The storm was set to crash ashore late this morning with frightful force, testing the three years of planning and rebuilding that followed Katrina’s devastating blow to the Gulf Coast. The storm has already killed at least 94 people on its path through the Caribbean.
Painfully aware of the failings that led to more than 1,600 deaths during Katrina, this time officials moved beyond merely insisting that tourists and residents leave south Louisiana. They threatened to put looters behind bars, loaded thousands onto buses and warned that anyone who remained behind would not be rescued.
They were confident that they had done all they could.
“It’s amazing. It makes me feel really good that so many people are saying, ‘We as Americans, we as the world, have to get this right this time,’ ” New Orleans Mayor Ray Nagin said late Sunday. “We cannot afford to screw up again.”
Col. Mike Edmondson, state police commander, said he believed that 90 percent of the population had fled the Louisiana coast. The exodus of 1.9 million people is the largest evacuation in state history, and thousands more had left from Mississippi, Alabama and flood-prone southeast Texas.
Late Sunday, Gov. Bobby Jindal issued one last plea to the roughly 100,000 people still on the coast: “If you’ve not evacuated, please do so. There are still a few hours left.”

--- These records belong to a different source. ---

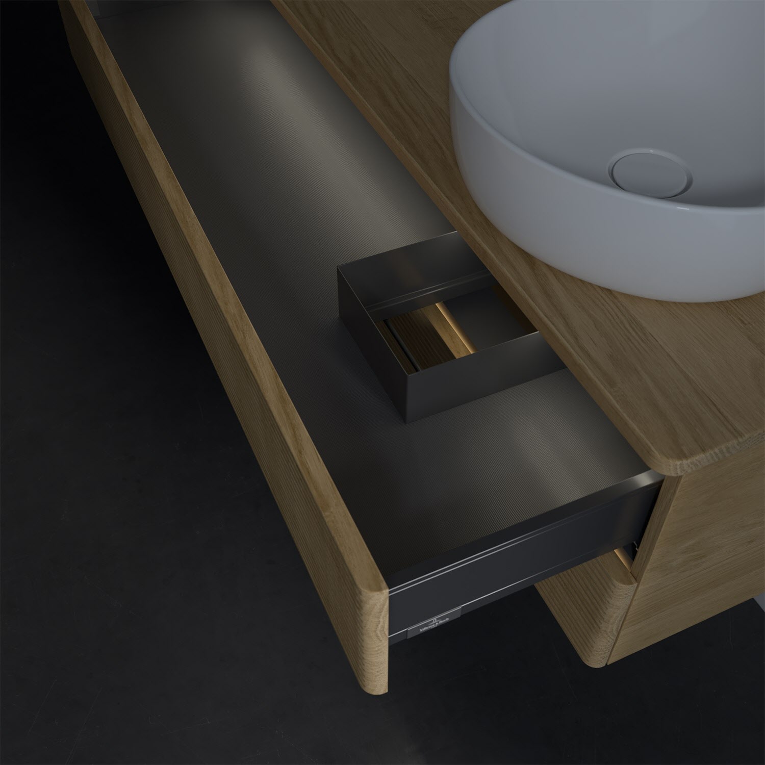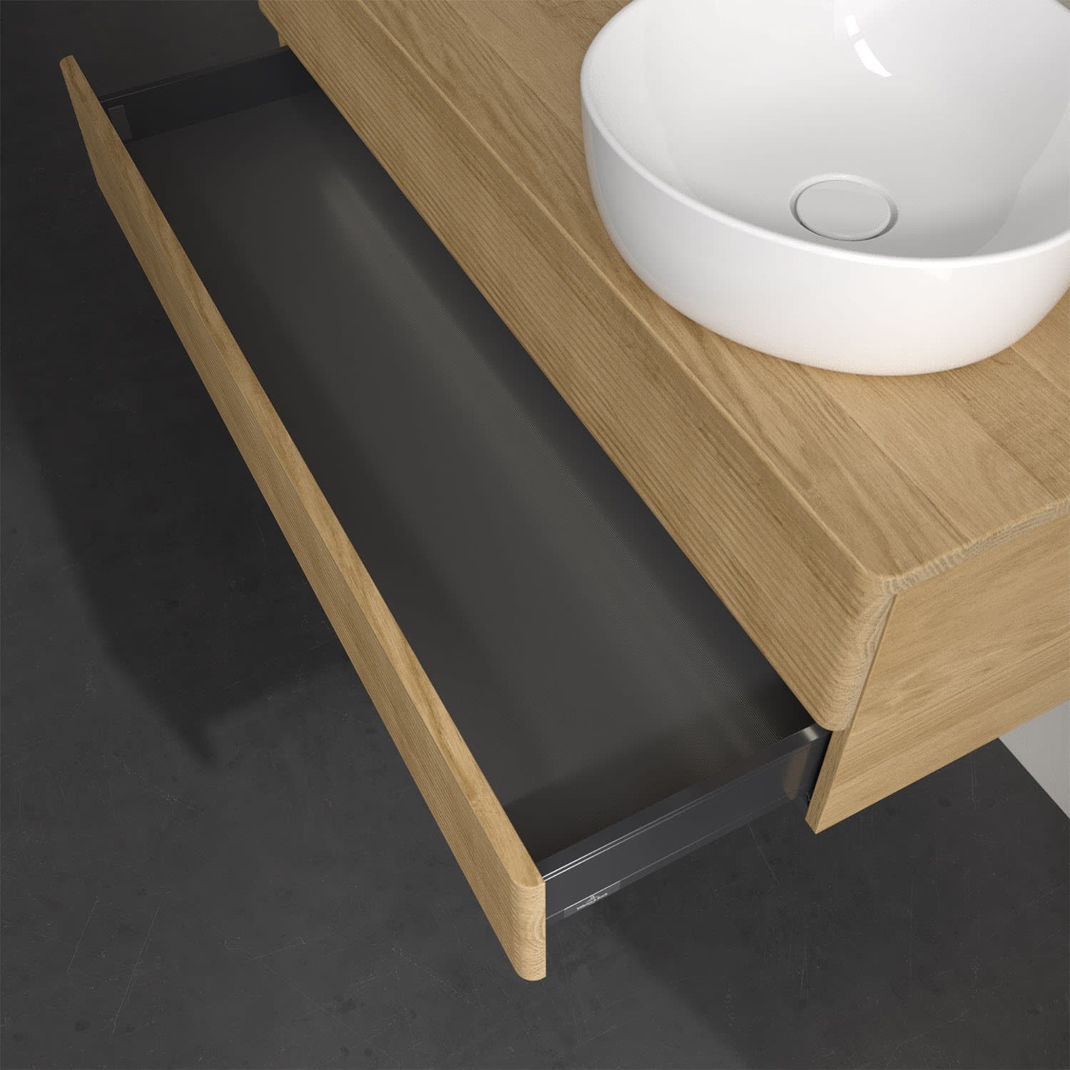 Der wandhängende Antao Waschtischunterschrank von Villeroy & Boch bietet nicht nur jede Menge Stauraum – er ist dank seines naturinspirierten Designs mit seinen abgerundeten Kanten auch noch besonders stilvoll und schafft eine gemütliche Atmosphäre im Badezimmer. Auf der Waschtischplatte bietet sich seitlich des Waschtischs viel Platz für Zahnbürstenbecher oder Seifenspender. Zwei geräumige Auszüge bieten viel Platz, um alles Notwendige zu verstauen und Ordnung zu halten. Öffnen lassen sie sich durch leichten Druck auf die strukturierte Front. Dabei aktiviert sich übrigens die Auszugsbeleuchtung in angenehmem Warmweiß. Dank Vollauszug hat man immer alles im Blick und der Antirutschboden verhindert ein Umfallen oder Verrutschen der Gegenstände. Einfach clever! Für eine besonders leichte Pflege sorgt die mehrschichtig deckend lackierte Oberfläche. Bei der Ausführung in Massivholz wird dank des verarbeiteten Massivholzes jedes Möbel zu einem Unikat, das sich durch das lebendige Naturmaterial durch seine einzigartige Struktur und Maserung auszeichnet.
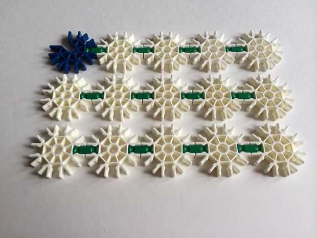 Organizar las tres filas como se muestra y conectarlas usando barras verdes.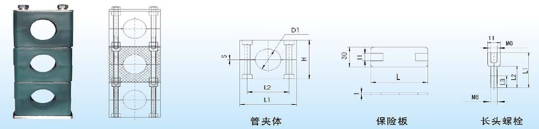 应用领域:本产品适用于冶金、石油、化工、车辆、船舶、电力等机械液压系统中的油、水、气为介质的固定管道。轻型系列管夹适用于中低压(PN≤8Mpa)管道固定。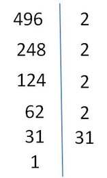 | 6 = 2 x 3 | 28 = 22 x 7 | 496 = 24 x 31 |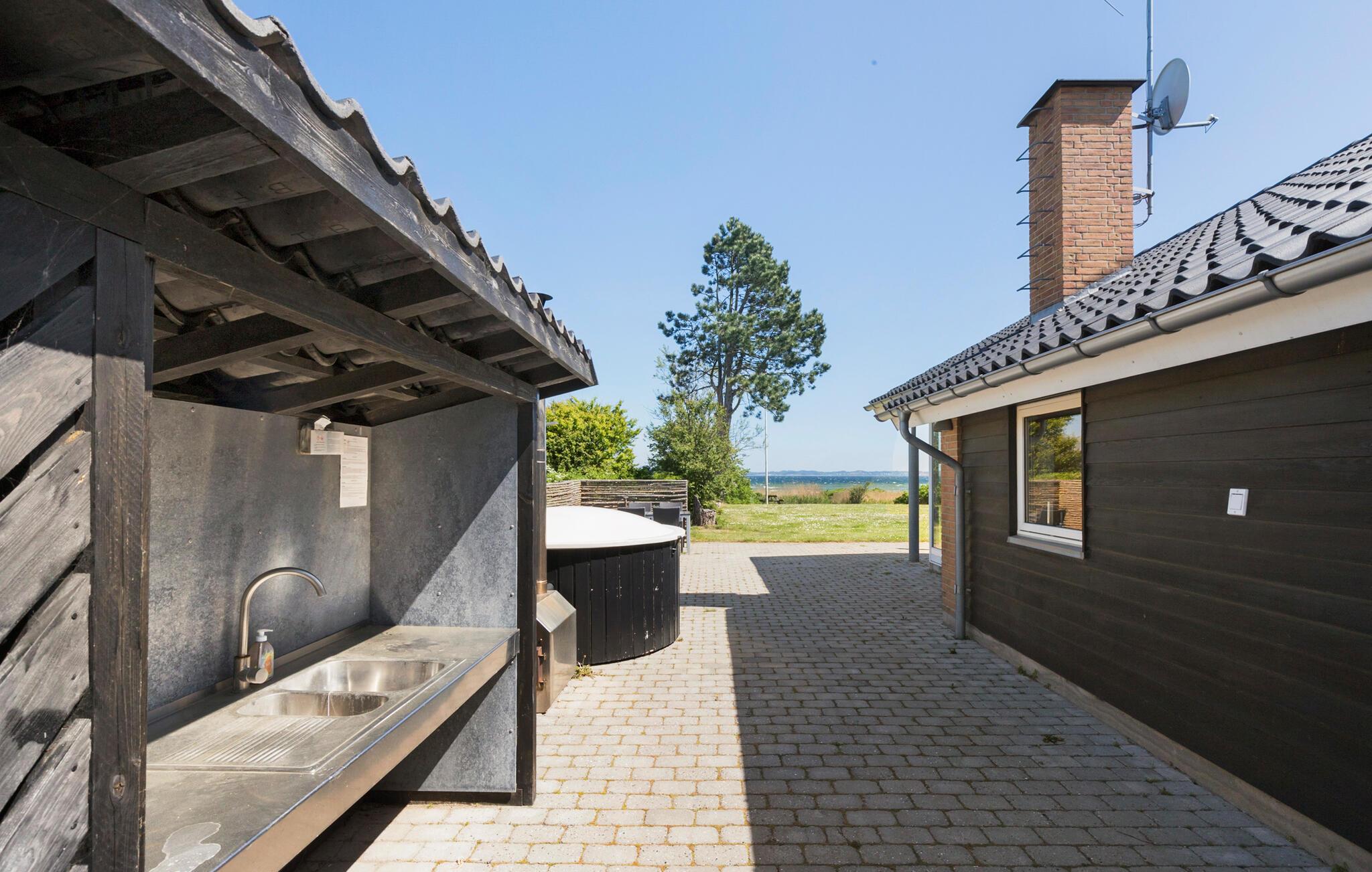 Je kunt van 's ochtends vroeg tot 's avonds laat buiten vertoeven op het overdekte terras. Na een mooie zomerdag is er niets beter dan een avonddip in de ruime, houtgestookte hot tub, die een prachtig uitzicht biedt op Ebeltoft Vig.

Louisiana and Mississippi temporarily changed traffic flow so all highway lanes led away from the coast, and cars were packed bumper to bumper.
Forecasters said Gustav could strengthen slightly as it marched toward the coast. At 11 p.m. EDT Sunday, the National Hurricane Center said Gustav was centered about 220 miles southeast of New Orleans and was moving northwest. It had top sustained winds of 115 mph, and was likely to stay a Category 3 storm when it made landfall west of New Orleans. Category 3 storms have winds between 111 mph and 130 mph.
In Cuba, Gustav damaged or destroyed 86,000 homes, toppled trees and telephone poles and washed out roads, but no deaths were reported Sunday as the massive storm roared away from the island.
Gustav made a direct hit on the Isla de la Juventud south of the Cuban mainland as a powerful Category 4 hurricane Saturday with screaming 140 mph winds.
Officials measured gusts of 212 mph in the western town of Paso Real del San Diego – a new wind speed record, according to the Cuban Institute of Meteorology.